**The task**:
Each line from the first line of the entries through the line holding "Funda de teléfono" is to be restated word for word; nothing else, and no picture, belongs in the answer.

**Material to process**:
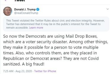 Twitter dice que el tuit del presidente Trump sobre buzones de correo violó sus reglas pero permanecerá visible
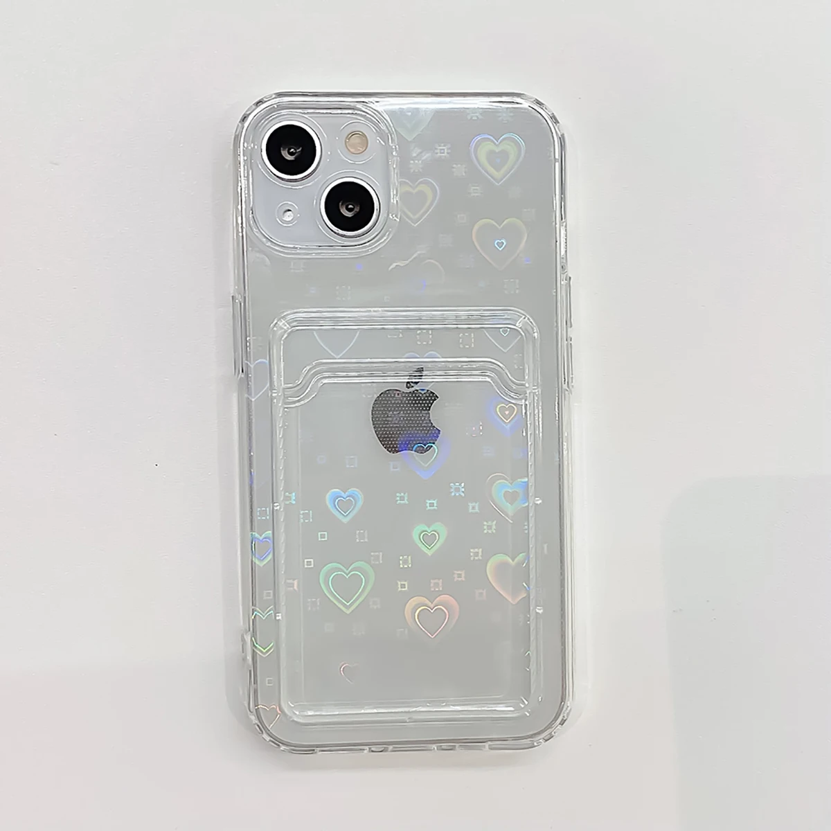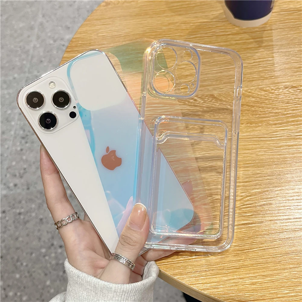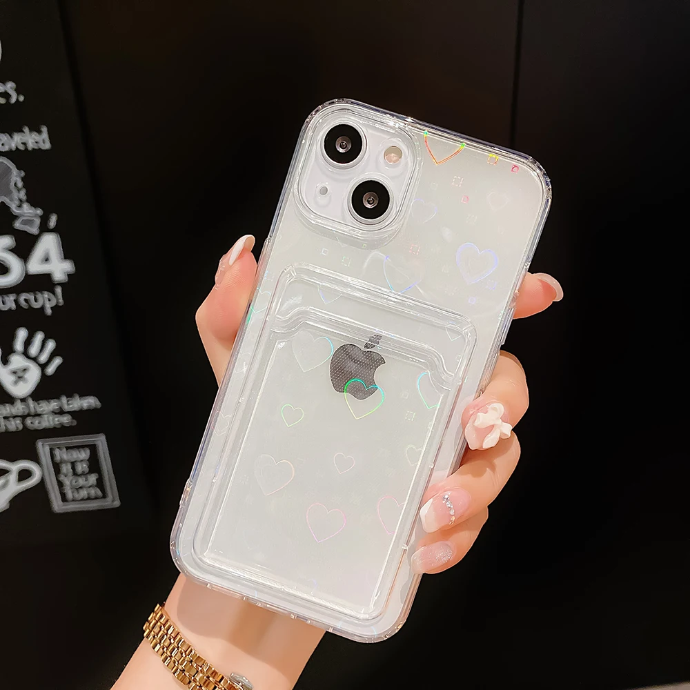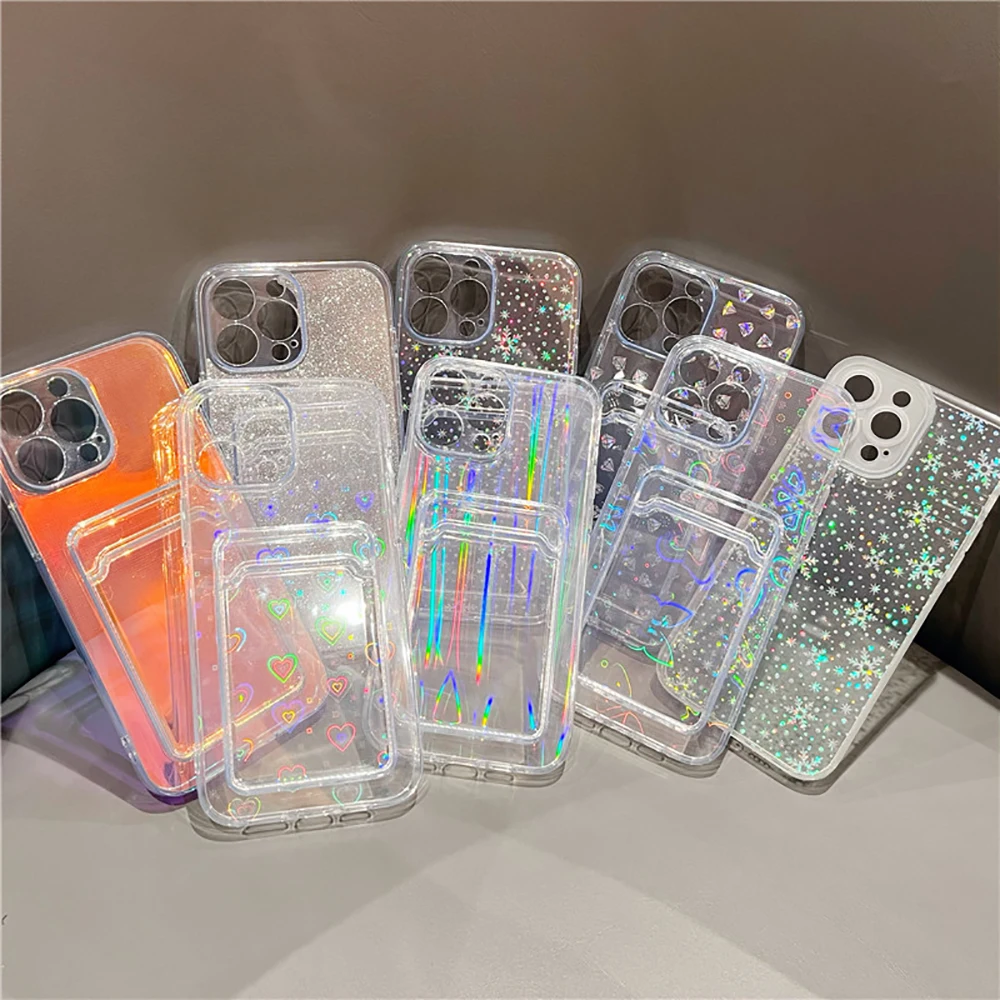 Funda de teléfono con láser transparente Love Gradient para iPhone 13 11 12 14 15 Pro XS Max X XR 7 8 Plus, funda de silicona suave con soporte para tarjetas
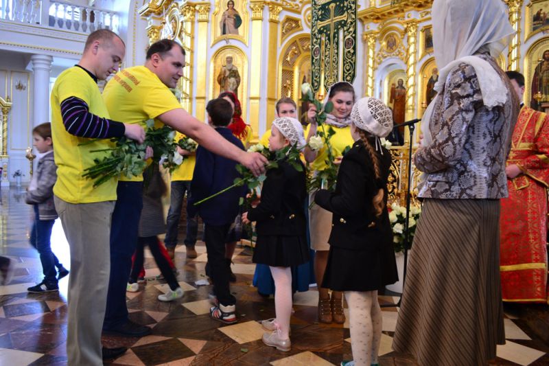 После богослужения по благословению Высокопреосвященнейшего Владыки активисты Союза Православной молодежи Мордовии поздравили всех девушек и женщин в соборе с православным женским днем, даря представительницам прекрасного пола по белой розе и открытке.
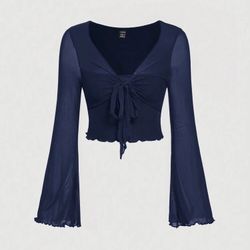 SHEIN: Navy Blue Mesh Tie Front Bell Sleeve Cropped Blouse, Size M$10Westminster, CA
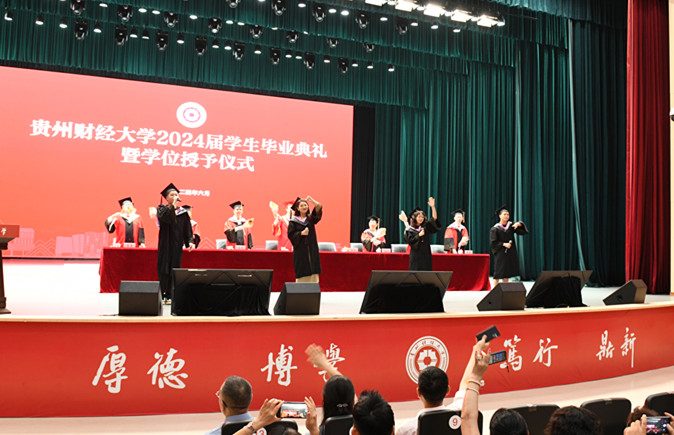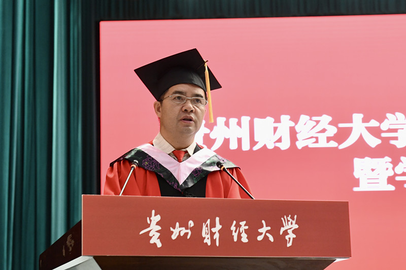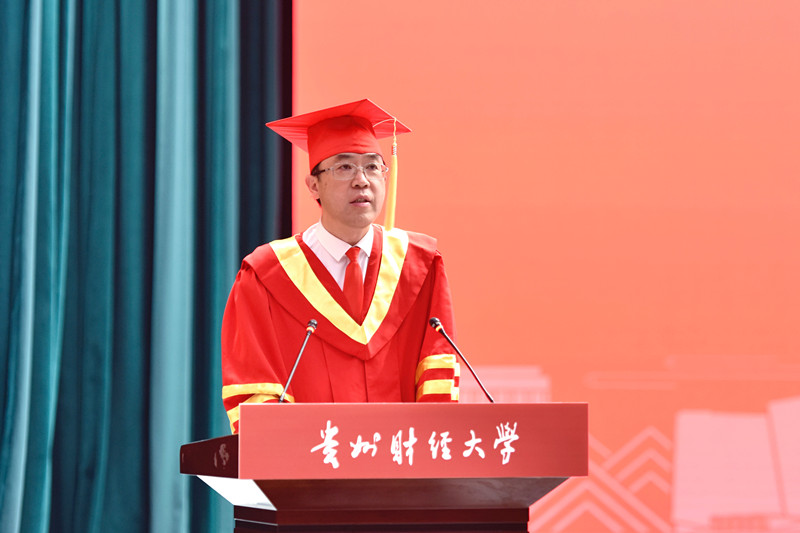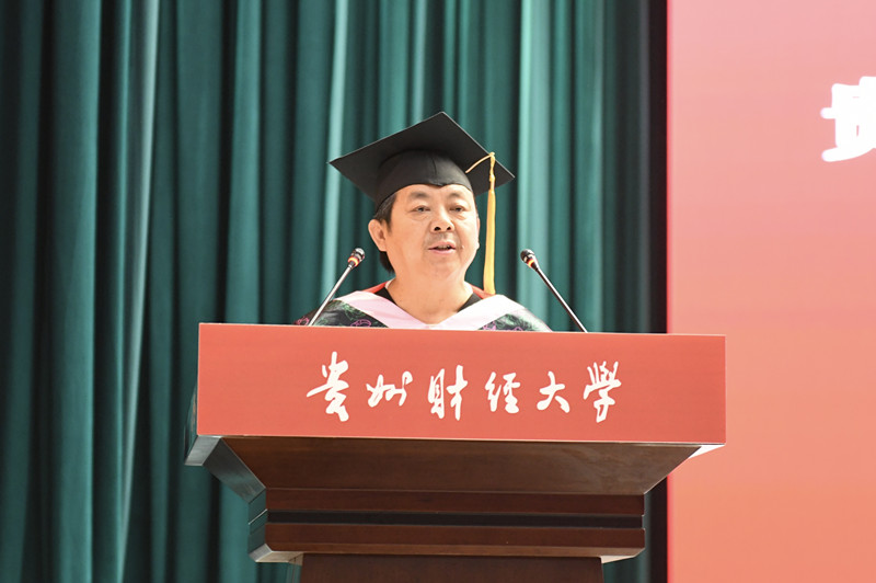 校党委书记战勇教授以“以梦为马,奔赴星辰大海,奋力书写为中国式现代化挺膺担当的青春篇章”为题,为2024届圆满完成学业的四千余名本、硕、博及留学生毕业生作启航新征程寄语讲话。他指出,光阴易逝,韶华有时,每一届毕业生都有值得铭记的独特记忆。过去的几年里,同学们与祖国同行、与贵州同进、与学校同在,学校生态校园建设和校园文化建设日臻完善,学校与大家共同进步,无论是学术立校日益深入人心,还是实现“贵财,我们从此在一起”,学校的每一步发展,都是全体师生员工齐心协力、拼搏奋斗的结果,凝聚着大家的辛勤汗水,而正是因为有同学们的参与和见证,才显得更有活力、更有意义。
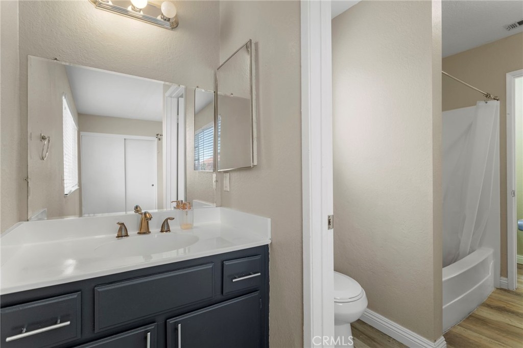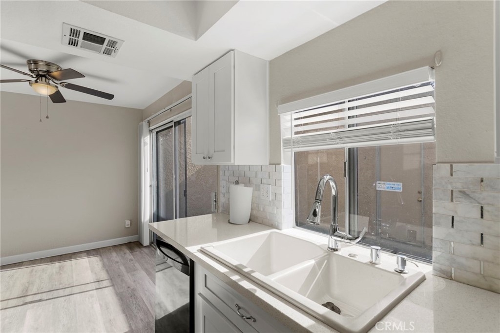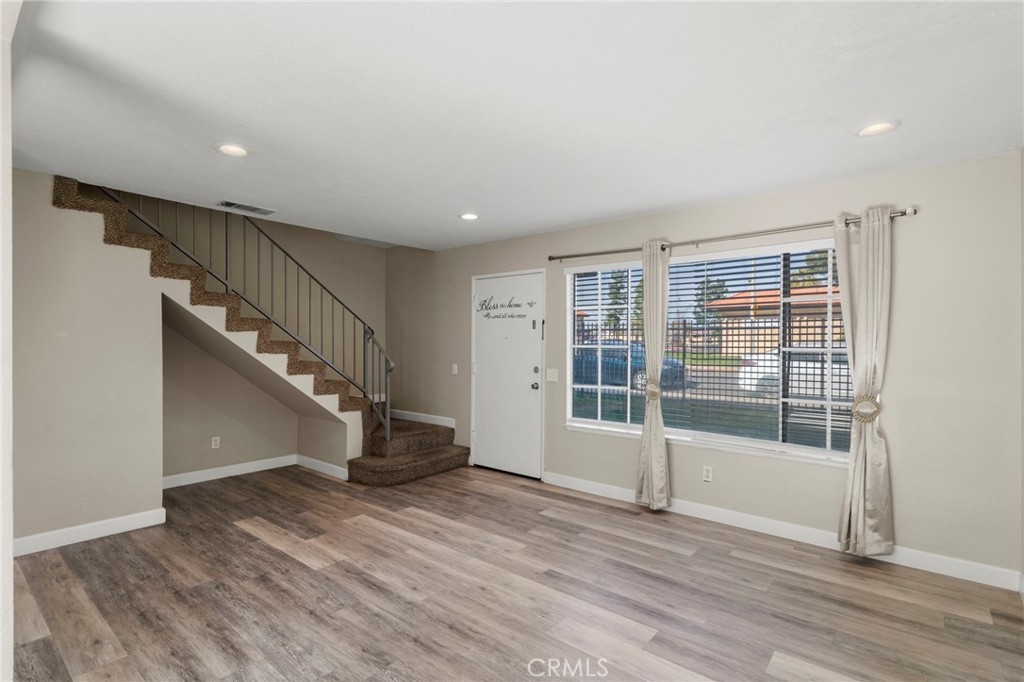 Welcome to a quiet gated community in Moreno Valley! This beautiful 2 story 3 bedroom 2 bathroom townhome is the perfect opportunity to get your foot into homeownership or to upgrade to more space all for under $400,000!! The property was originally remodeled when purchased to include a large living and dining room area with new flooring and fresh paint throughout. The kitchen was freshly updated with cabinets, countertops and stainless steel appliances. Upstairs you will find a large master bedroom with a Jack-n-Jill bathroom and two other perfectly sized bedrooms. The property also features freshly cleaned carpeting upstairs, ac and heat with thermostat, downstairs bathroom with shower, a private patio perfect for entertaining, which leads to your very own two car garage with laundry hookups available. You won’t want to miss this beauty!

**Exercise solution**:
 Twitter dice que el tuit del presidente Trump sobre buzones de correo violó sus reglas pero permanecerá visible
 Funda de teléfono con láser transparente Love Gradient para iPhone 13 11 12 14 15 Pro XS Max X XR 7 8 Plus, funda de silicona suave con soporte para tarjetas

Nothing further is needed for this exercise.